Stela 3 |
I consider myself a student of the standard works (Bible, Book of Mormon, Doctrine & Covenants, and the Pearl of Great Price) but with greater emphasis on the Book of Mormon and as such I admit that I am late to John L. Sorenson’s “An Ancient American Setting for the Book of Mormon”. Although through my previous reading and research I consider myself to be very familiar with Book of Mormon evidences and geography theories but I still decided to get a copy of the book and give it a “good reading”. Even though I have not finished it I am enjoying it and have stumbled across many evidences that this book seems to give additional information on. One of the evidences claimed by Sorenson was the infamous Stela 3 of La Venta. This Stela is thought to date about 600 B.C. or later, basically during the end of the Olmec/Jaredite timeframe and the beginning of the Maya/Nephite timeframe. The issue surrounding the Stela is that it seems to show to two people meeting and one of them being a prominent bearded man which would be a rarity for the indigenous culture of Mesoamerican regions. The bearded figure is commonly referred to as the “Uncle Sam” figure.
In 1946, the famous "Uncle Sam" figure on Stela 3 at La Venta, was described by Mexican archaeologist Miguel Covarrubias as a "fully bearded man with an enormous aquiline nose. . ., a personage with surprisingly pronounced Semitic features" (Covarrubias 1946: 90). Two decades later, art historian Tatiana Proskouriakoff of the Carnegie Institution of Washington referred to the same bearded figure on Stela 3 as a "visitor" and with related low relief carvings as representing a racially distinct group of "strangers." These foreigners ultimately gained ascendancy over another stocky racial type on carvings. These La Venta carvings are also described as "credibly realistic portraits and descriptions of historic scenes," from a highly developed religious society. (Proskouriakoff 1968: 121-122)
"Uncle Sam" Bearded Figure (Stela 3) |
“A particularly interesting case of such external evidence involves a scene on a monument located at an archaeological site that I consider to be the prime candidate for the city of Mulek. As explained elsewhere, the site of La Venta in southern Mexico qualifies remarkably well as the city of Mulek. It was one of the great centers of Olmec civilization, whose distribution and dates remind us of Jaredite society. Stela 3 at La Venta is a basalt slab fourteen feet high and weighing fifty tons. It is thought to date to about 600 B.C., or a little later, at or just after the late Olmec (Jaredite?) inhabitants abandoned the site.

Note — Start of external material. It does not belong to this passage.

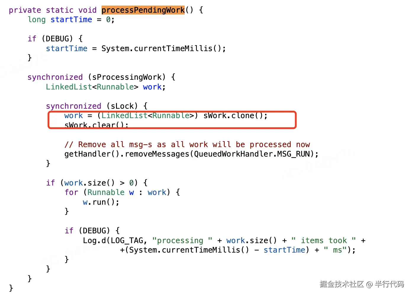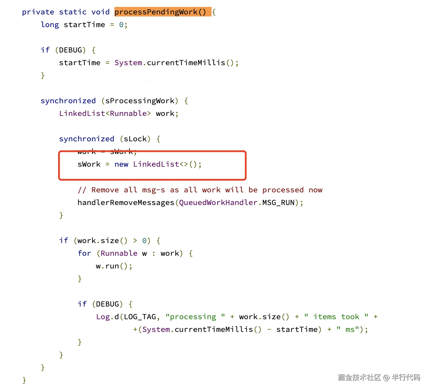 - 主线程会调用processPendingWork,遍历执行sWork里的Runnable(修改sWork字段,让每次执行的时候在子线程启动)

Carved on the stone is a scene in which a person of obvious high social status, whose facial features look like those shown in some earlier Olmec art, confronts a prominent man who appears to a number of (non-Mormon) art historians like a Jew. This scene has been interpreted by archaeologists as a formal encounter between leaders of different ethnic groups. For instance, the late expert on Mesoamerican art, Tatiana Proskouriakoff, considered that Stela 3 shows "two racially distinct groups of people" and that "the group of the [Jewish-looking] bearded stranger ultimately gained ascendency." She concluded, thus, that "the culture of La Venta [thereafter] contained a strong foreign component." Latter-day Saints may wonder whether Mulek or some other person in his party might even be represented on Stela 3, considering the date and the location at a site very suitable to have been the "city of Mulek." At the least we see that ethnic and cultural variety existed in Mesoamerica where and when we would expect evidence of Mulek's group to show up.”